__PROBLEM DETAILS__.
The whole listing below, with no pictures, is to be repeated as it stands.

__AVAILABLE DATA__.
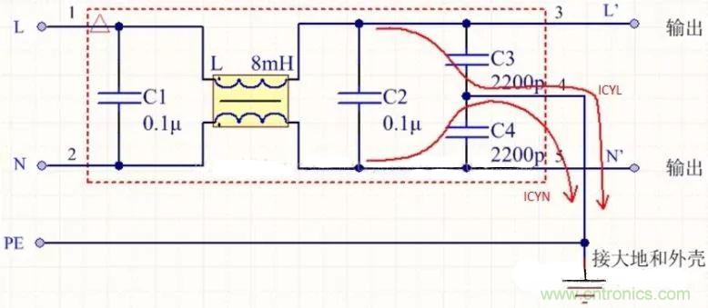 其中兩條紅線是火線和零線N的共模幹擾電流回路,稱為漏感電流回路。
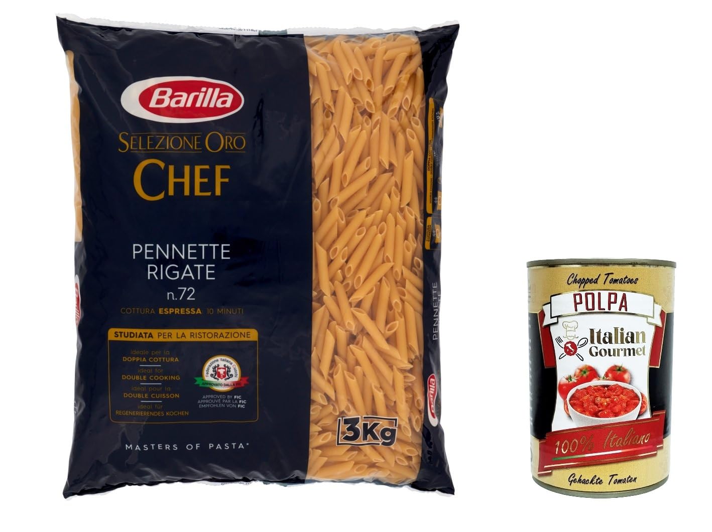 Italian Gourmet E.R. Barilla Pasta Selezione Oro Chef Pennette Rigate N 72 Lot de 6 p tes italiennes 3 kg + Polpa Italian Gourmet 400 g
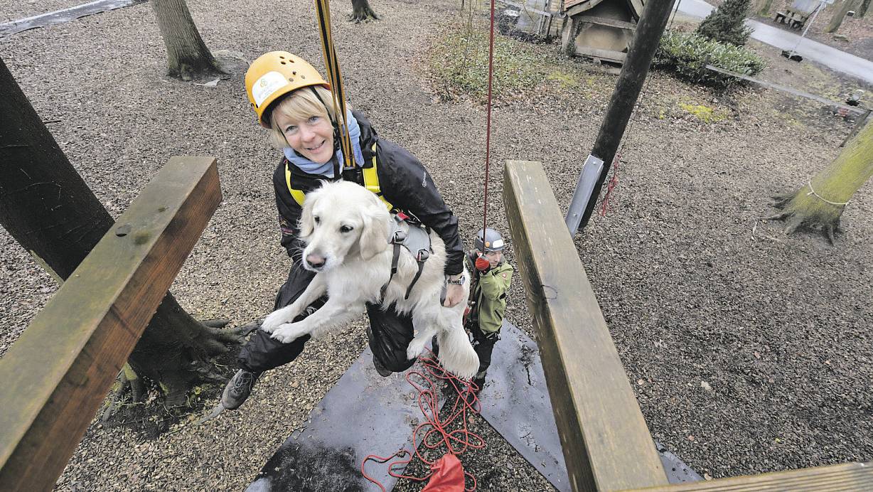 Gütersloh. Mabel ist nicht gerade erfreut. Das testweise durchgeführte, angegurtete Hochziehen auf drei Meter Höhe hat die dreijährige Golden Retriever-Dame noch völlig entspannt überstanden. Auf der Hängebrücke war sie sogar weit vor ihrem unter Höhenangst leidenden, sich behutsam vortastenden Frauchen Simone Isenberg (49) auf der anderen Seite.
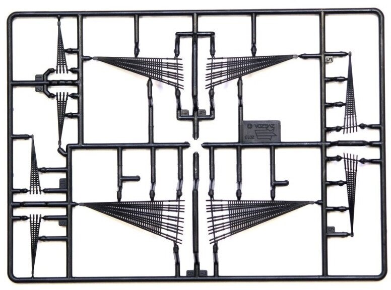 В данной модели пушки соединены в полосы, что нетипично для моделей серии "Сборка без клея". Подобная компоновка оказалась достаточно удобной и упростила сборку. Таким образом были удалены самые мелкие детали. И модель можно собирать даже с небольшим ребенком.

__ANSWER FOR THE TASK__.
 其中兩條紅線是火線和零線N的共模幹擾電流回路,稱為漏感電流回路。
 Italian Gourmet E.R. Barilla Pasta Selezione Oro Chef Pennette Rigate N 72 Lot de 6 p tes italiennes 3 kg + Polpa Italian Gourmet 400 g
 Gütersloh. Mabel ist nicht gerade erfreut. Das testweise durchgeführte, angegurtete Hochziehen auf drei Meter Höhe hat die dreijährige Golden Retriever-Dame noch völlig entspannt überstanden. Auf der Hängebrücke war sie sogar weit vor ihrem unter Höhenangst leidenden, sich behutsam vortastenden Frauchen Simone Isenberg (49) auf der anderen Seite.
 В данной модели пушки соединены в полосы, что нетипично для моделей серии "Сборка без клея". Подобная компоновка оказалась достаточно удобной и упростила сборку. Таким образом были удалены самые мелкие детали. И модель можно собирать даже с небольшим ребенком.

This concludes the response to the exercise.